From: KAMEZAWA Hiroyuki
Date: Wed Jun 03 2009 - 21:48:46 EST


On Wed, 3 Jun 2009 00:37:39 +0200
Johannes Weiner <hannes@xxxxxxxxxxx> wrote:

> Hi Andrew,
>
> I redid the qsbench runs with a bigger page cluster (2^4). It shows
> improvement on both versions, the patched one still performing better.

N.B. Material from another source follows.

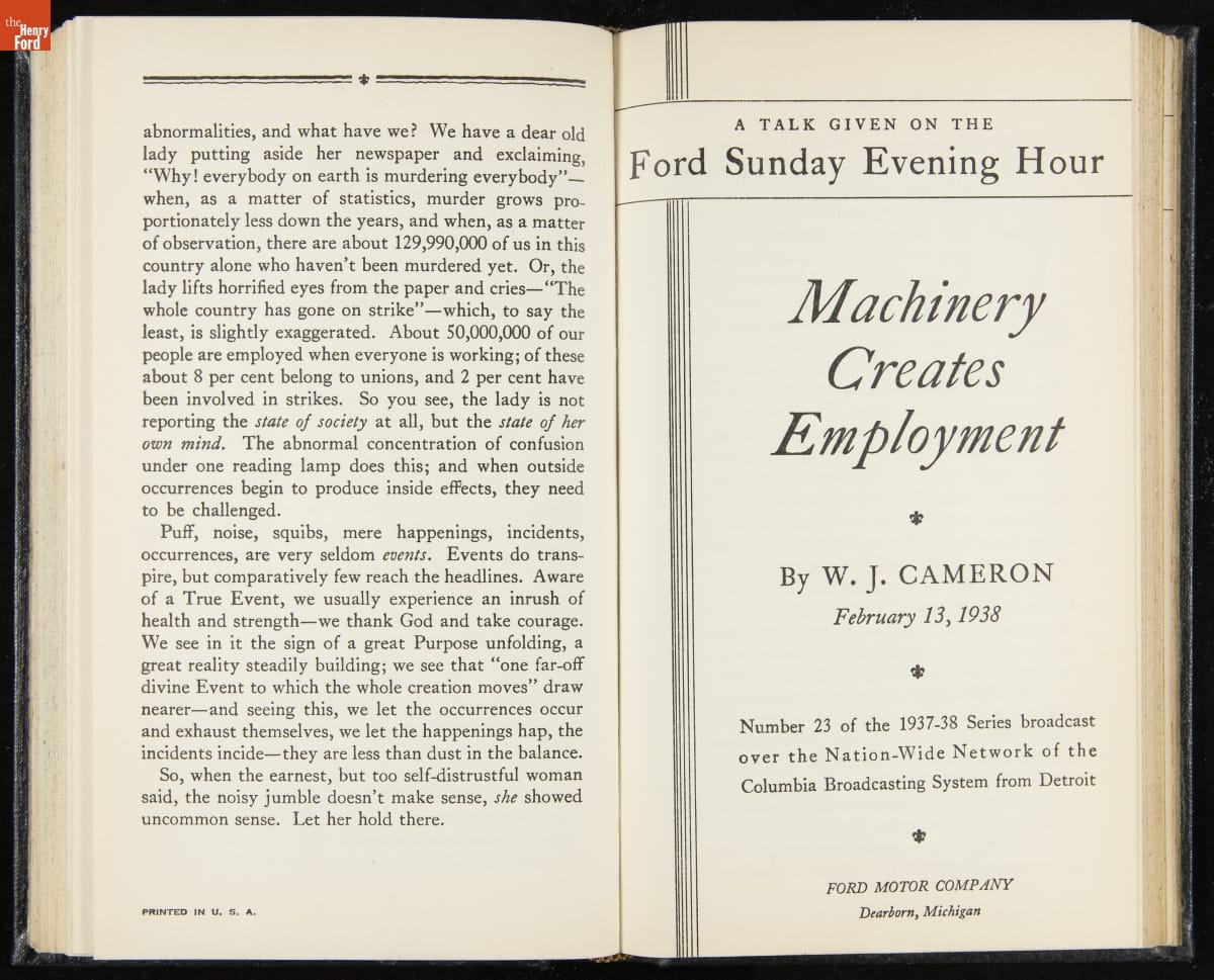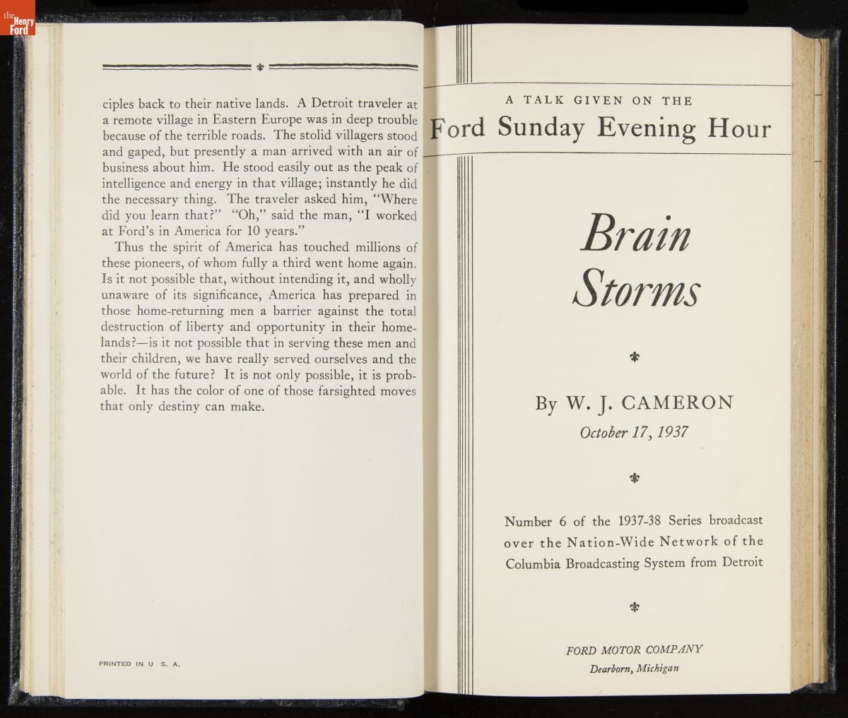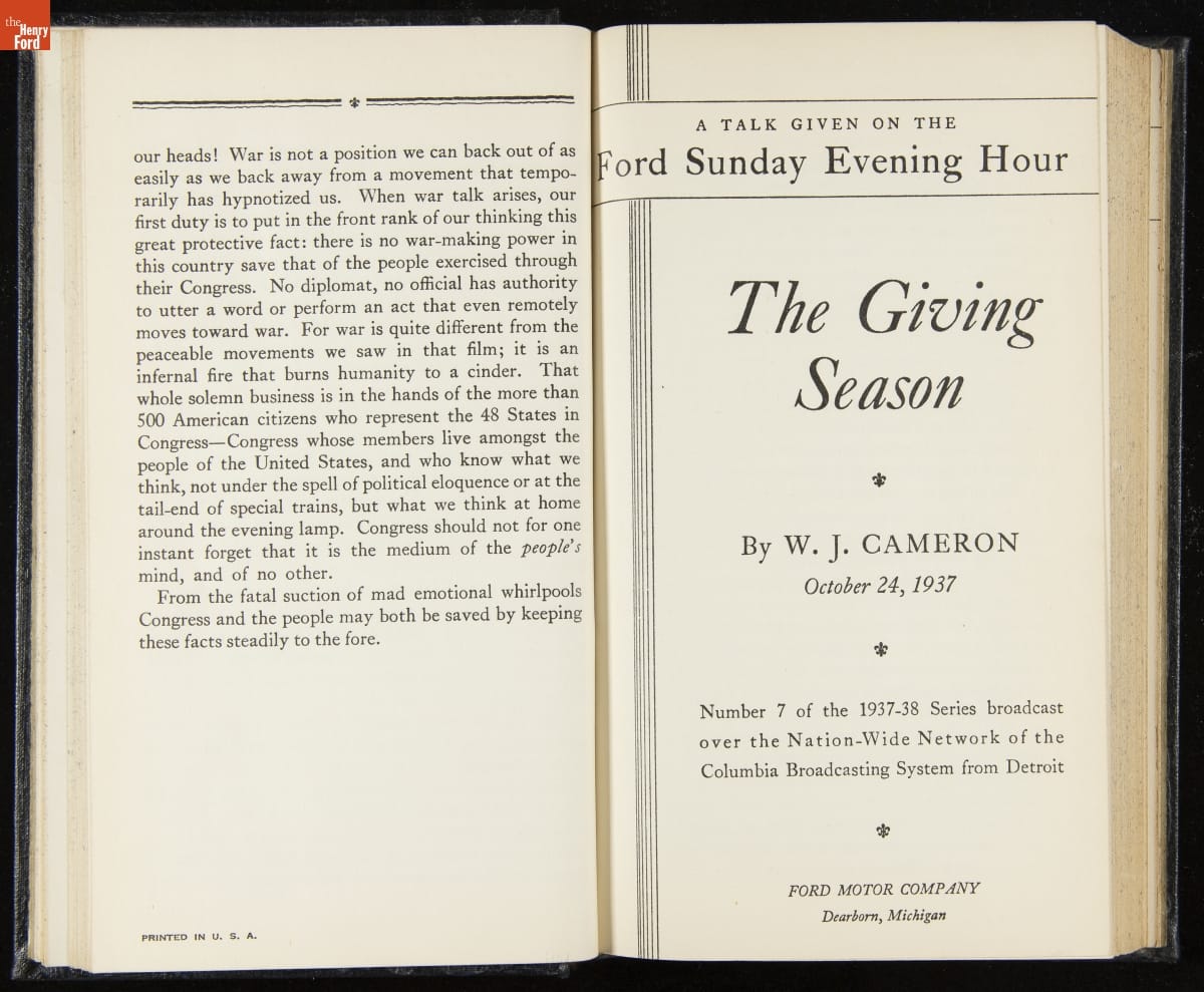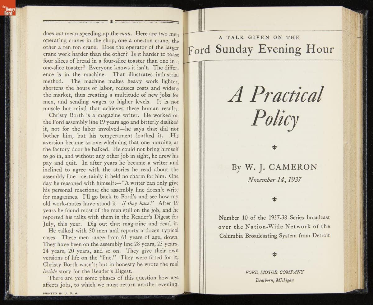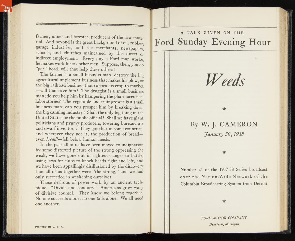 Launched in 1934, the Ford Sunday Evening Hour radio program featured classical music, guest soloists and conductors, and a weekly talk during intermission. Henry Ford asked his friend and advisor William J. Cameron to write and deliver these messages. Cameron, who composed the anti-Semitic articles for The Dearborn Independent, now peddled softer populist views--avoiding extremes and any direct attacks on politicians, ethnic groups, or Wall Street financiers.

> Rik hinted me that we can make the default even bigger when we are
> better at avoiding reading unrelated pages. I am currently testing
> this. Here are the timings for 2^4 (i.e. twice the) ra pages:
>
> vanilla:
> 1 x 2048M [20 runs] user 101.41/101.06 [1.42] system 11.02/10.83 [0.92] real 368.44/361.31 [48.47]
> 2 x 1024M [20 runs] user 101.42/101.23 [0.66] system 12.98/13.01 [0.56] real 338.45/338.56 [2.94]
> 4 x 540M [20 runs] user 101.75/101.62 [1.03] system 10.05/9.52 [1.53] real 371.97/351.88 [77.69]
> 8 x 280M [20 runs] user 103.35/103.33 [0.63] system 9.80/9.59 [1.72] real 453.48/473.21 [115.61]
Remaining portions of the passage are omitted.